───── Listed records

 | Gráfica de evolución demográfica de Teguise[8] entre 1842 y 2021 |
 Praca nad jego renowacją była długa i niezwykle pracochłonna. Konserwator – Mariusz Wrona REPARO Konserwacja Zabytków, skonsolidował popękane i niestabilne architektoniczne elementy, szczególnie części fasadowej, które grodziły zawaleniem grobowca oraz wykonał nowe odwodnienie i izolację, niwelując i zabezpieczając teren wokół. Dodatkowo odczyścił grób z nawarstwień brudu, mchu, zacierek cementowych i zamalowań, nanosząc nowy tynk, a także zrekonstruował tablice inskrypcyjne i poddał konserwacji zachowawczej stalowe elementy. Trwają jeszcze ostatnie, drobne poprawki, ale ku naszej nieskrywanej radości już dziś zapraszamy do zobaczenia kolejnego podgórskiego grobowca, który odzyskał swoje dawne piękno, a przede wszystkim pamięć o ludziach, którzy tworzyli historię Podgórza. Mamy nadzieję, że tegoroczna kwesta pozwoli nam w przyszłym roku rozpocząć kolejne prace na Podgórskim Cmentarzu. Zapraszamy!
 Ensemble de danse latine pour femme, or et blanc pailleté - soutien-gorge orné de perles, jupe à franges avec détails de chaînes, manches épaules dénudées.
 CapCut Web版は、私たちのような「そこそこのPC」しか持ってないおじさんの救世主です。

──────────
───── Listed records

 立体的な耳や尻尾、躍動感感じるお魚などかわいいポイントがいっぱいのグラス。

──────────

- Work item -
In the data above, which lines lie between the line with "Ensemble de danse" and the line with "CapCut Web版は、私", inclusive? Print those lines exactly and nothing else.

- Solution to the problem -
 Ensemble de danse latine pour femme, or et blanc pailleté - soutien-gorge orné de perles, jupe à franges avec détails de chaînes, manches épaules dénudées.
 CapCut Web版は、私たちのような「そこそこのPC」しか持ってないおじさんの救世主です。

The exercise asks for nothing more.